Waiting for one word, one look wasn’t easy. Staying was more difficult, but Adam braced himself again the next
night. He handed her the wildflower bouquet he’d picked, mixed with heather from Tallchief Mountain. While he was waiting for just one word, she narrowed those amber eyes and bashed him with the bouquet, then shut the door.

“Progress,” he murmured tightly, and hoped her reaction truly was. Not sweet, but then what ran between them was more potent than he had expected.

 

By the first week of June, he was short-tempered, chafed raw by lack of sleep and not happy about his solitary life. He was ready to confront Jillian and give her what was left of his pride. In the grocery store, buying his supply of suckers for the children he baby-sat, the hair on the back of his neck lifted. Adam turned slowly to the fruit section, where he found Jillian scowling at him. He nodded and smiled.

“Marry me and I’ll make you a loom to go with that spinning wheel,” he offered, because the thought had long been on his mind, and he could use the pattern of Una’s pioneer loom.

The woman checking out his groceries was a grandmother who looked younger than her years. Adam ignored her smothered giggle, and caught the orange that Jillian had fireballed his way. He placed it on the counter. “That, too, please.”

After several oranges, the clerk began to sack them. “She’s headed toward the grapefruit. You must have really goofed. You Tallchief boys really know how to stir up your lady loves. She was a lady when she came here, now she’s pitching fruit at you.”

“Ah, thank you, Millie. ‘Lady love’ is just the right term. Do you hear that, Jillian? You’re my lady love. Hey, you’re good—” He caught the grapefruit that sailed his way, and the clerk happily bagged them. “When do I start on the loom, dear heart?” he asked lightly.

“Not the melons, honey,” the clerk called firmly as Jillian moved slightly in the produce aisle. “Avocados will do.”

“Avocados are too good for him,” Jillian noted, quickly walking past Adam on her way to the door. After glancing at the sucker he offered her with a smile, she shook her head. She smoothed her hair and straightened her blouse and sailed out of the store with her head held high.

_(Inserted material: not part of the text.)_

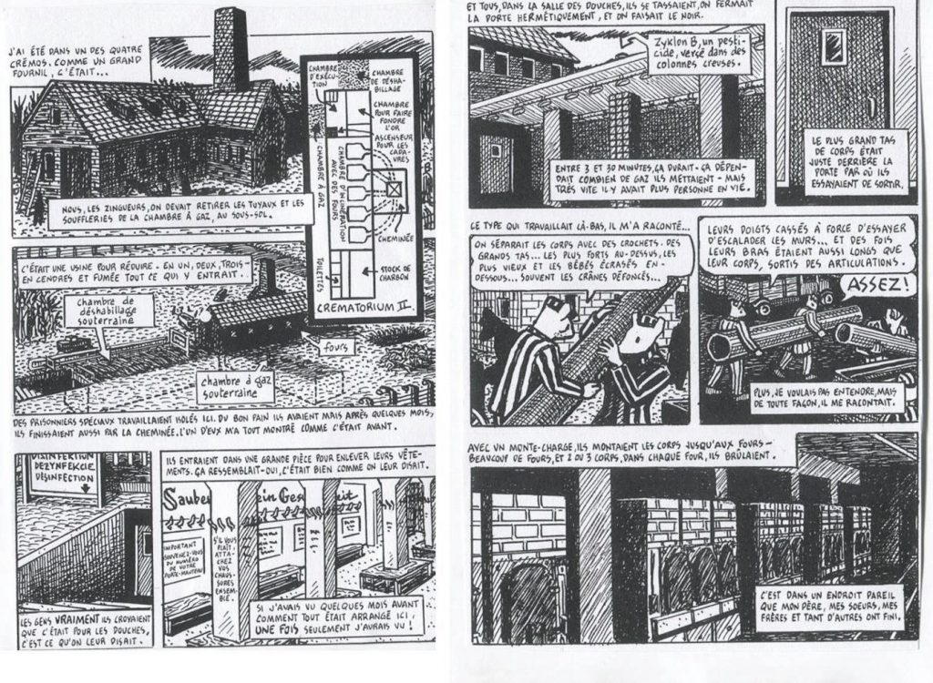 Le récit, en bandes dessinées, du quotidien de ce camp de l’horreur, inspiré de témoignages recueillis par l’auteur. Un dossier explique la genèse du projet.Le drame d’une famille juive arrêtée en 1942, et le récit de la survie de deux enfants en prison, au camp de Drancy, puis dans la clandestinité.Témoignages recueillis auprès de 800 personnes qui ont répondu à l’appel des stations de Radio France. Ces extraits de lettres, de journaux intimes et de récits autobiographiques de personnes d’origine juive qui furent enfants ou adolescents durant la Seconde Guerre mondiale, illustrent la mémoire collective de la France. Avec une chronologie.Emma est anorexique et ne parvient pas à se faire comprendre par ses parents. Mais elle trouve une écoute attentive auprès de ses grands-parents, Mamouchka et Paul qui se sont rencontrés pendant la Seconde Guerre mondiale en Allemagne. Emma devient de plus en plus maigre et découvre à la mort de sa grand-mère un terrible secret de famille.Anne Frank est née le 12 juin 1929 à Francfort. Sa famille a émigré aux Pays-Bas en 1933. À Amsterdam, elle connaît une enfance heureuse jusqu’en 1942, malgré la guerre. Le 6 juillet 1942, les Frank s’installent clandestinement dans «l’Annexe» de l’immeuble du 263, Prinsengracht. Le 4 août 1944, ils sont arrêtés sur dénonciation. Déportée à Auschwitz, puis à Bergen-Belsen, Anne meurt du typhus en février ou mars 1945, peu après sa sœur Margot. La jeune fille a tenu son journal du 12 juin 1942 au 1er août 1944, et son témoignage, connu dans le monde entier, reste l’un des plus émouvants sur la vie quotidienne d’une famille juive sous le joug nazi.Berlin 1942. Bruno a 9 ans, et vit avec ses parents et sa soeur dans une belle maison. Son père, un officier nazi, vient d’avoir une promotion et ils déménagent hors de Berlin. Bruno est triste de se retrouver loin de tout, dans une lugubre maison. De sa fenêtre, il peut voir des silhouettes d’hommes, de femmes et d’enfants, tous vêtus de pyjamas rayés. Personne ne veut lui expliquer qui ils sont.Le père de l’auteur, Vladek, Juif polonais, rescapé d’Auschwitz, raconte sa vie de 1930 à 1944, date de sa déportation. Ce récit est rapporté sous la forme d’une bande dessinée dont les personnages ont une tête d’animal : les Juifs sont des souris, les nazis des chats, les Polonais des porcs et les Américains des chiens.

“Try something a little more romantic next time,” Millie offered. “And if she’s not in a better mood by the time tomatoes are ripe, don’t come in here.”

Adam tilted his head to better watch the enticing sway of Jillian’s jeans and forgot what he was thinking.

“Give her time,” the clerk said. “Everyone knows a girl can’t resist you Tallchief boys when you’re in the courting mood.”

“Oh, she knows how to resist,” Adam said broodily and picked up the sacks he intended to leave on Jillian’s doorstep that night.